§ Instructions for the task
Transcribe only what runs from the line containing "white leather sling." through the end of the listing, line for line and exactly, and omit the pictures.

§ Provided material
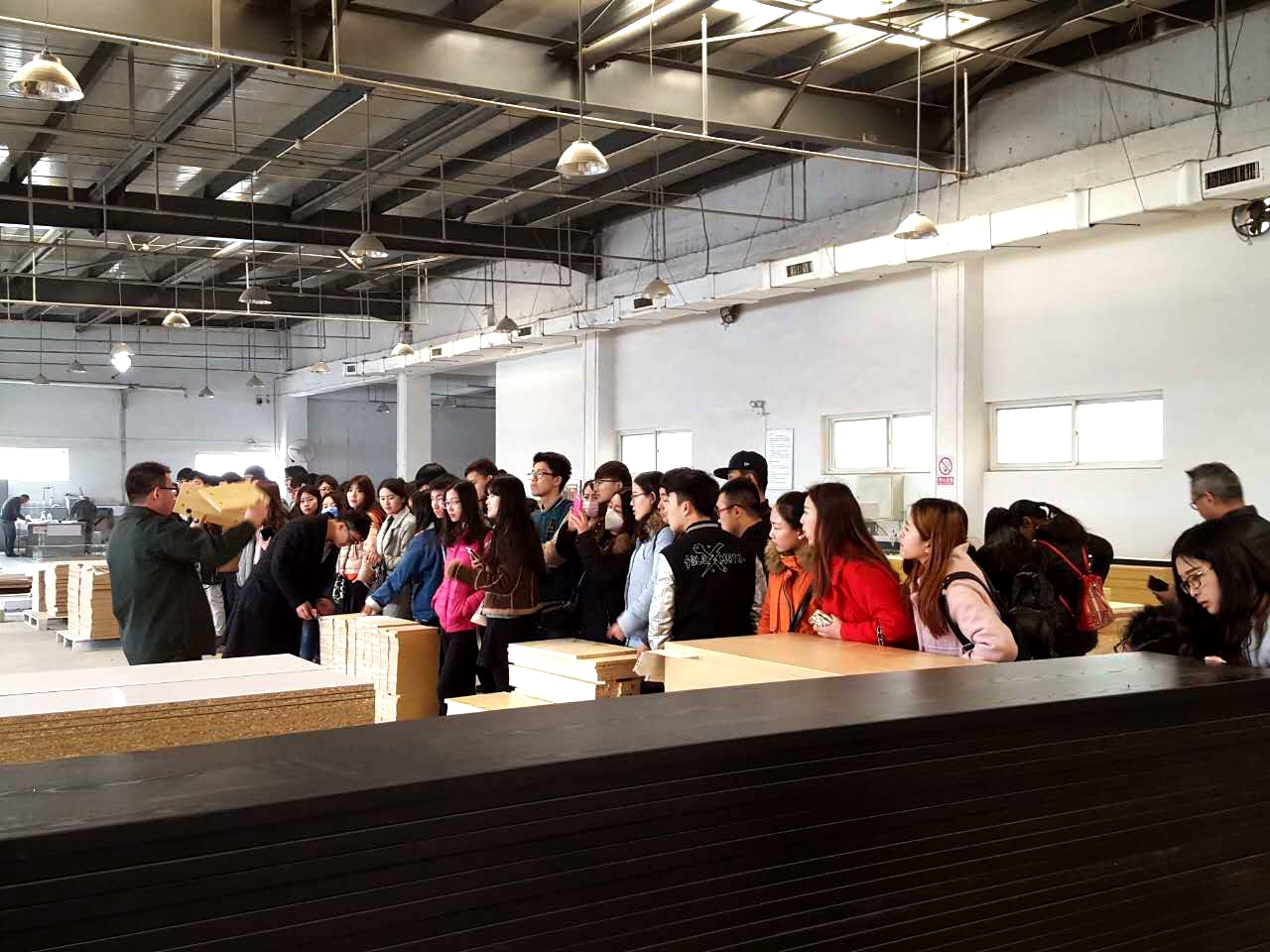 2016年3月8日上午,由河北師范大學美術(shù)與設(shè)計學院 車曉光等四位老師帶領(lǐng)的產(chǎn)品設(shè)計專業(yè)共60余名師生到常宏裝飾商業(yè)家具生產(chǎn)基地開展了教學與實踐相結(jié)合的參觀學習活動。
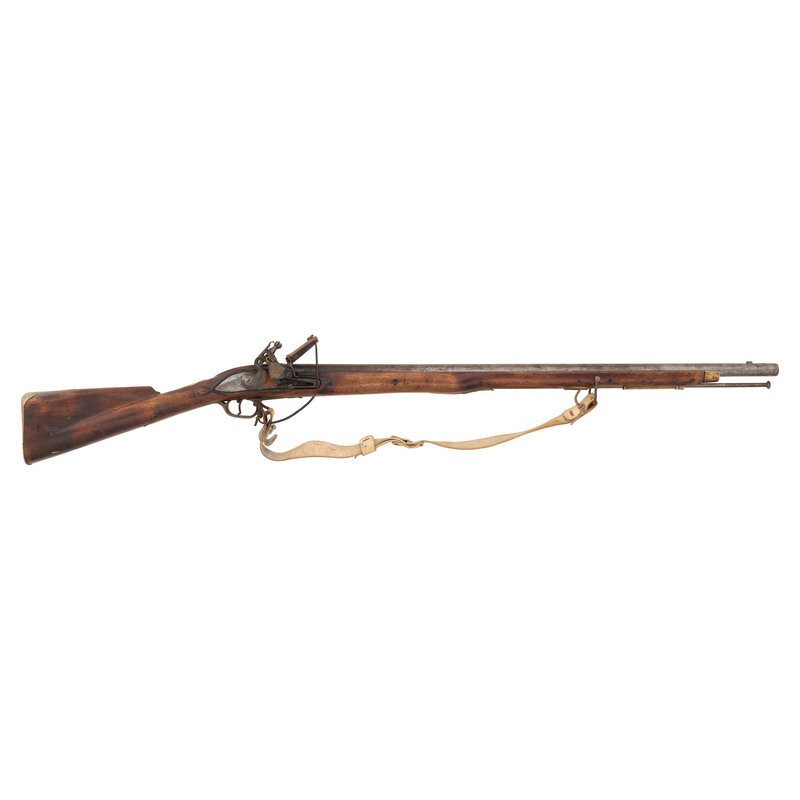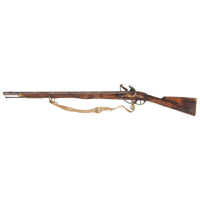 .75 Caliber. 33" barrel length. SN: 023. Bright metal finish overall with brass escutcheon to the wrist and further brass fittings. Single shot flintlock musket set in walnut straight wrist stock with palm swell to forend, and front sight/bayonet lug to forward barrel. Lockplate is engraved TOWER behind the cock, and {Crown/GR} forward of it. Item comes with brass guard to pan, leather and flint to cock, leather frizzen guard, and a reproduction white leather sling.
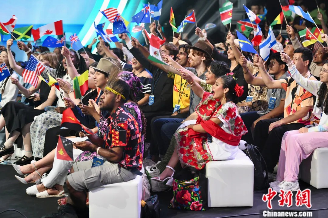 2025年8月24日,第二十四屆“漢語(yǔ)橋”世界大學(xué)生中文比賽全球總決賽在福建平潭舉行。圖為參賽選手為參加最后總決賽的選手加油。中新社記者 王東明 攝

§ Result
 .75 Caliber. 33" barrel length. SN: 023. Bright metal finish overall with brass escutcheon to the wrist and further brass fittings. Single shot flintlock musket set in walnut straight wrist stock with palm swell to forend, and front sight/bayonet lug to forward barrel. Lockplate is engraved TOWER behind the cock, and {Crown/GR} forward of it. Item comes with brass guard to pan, leather and flint to cock, leather frizzen guard, and a reproduction white leather sling.
 2025年8月24日,第二十四屆“漢語(yǔ)橋”世界大學(xué)生中文比賽全球總決賽在福建平潭舉行。圖為參賽選手為參加最后總決賽的選手加油。中新社記者 王東明 攝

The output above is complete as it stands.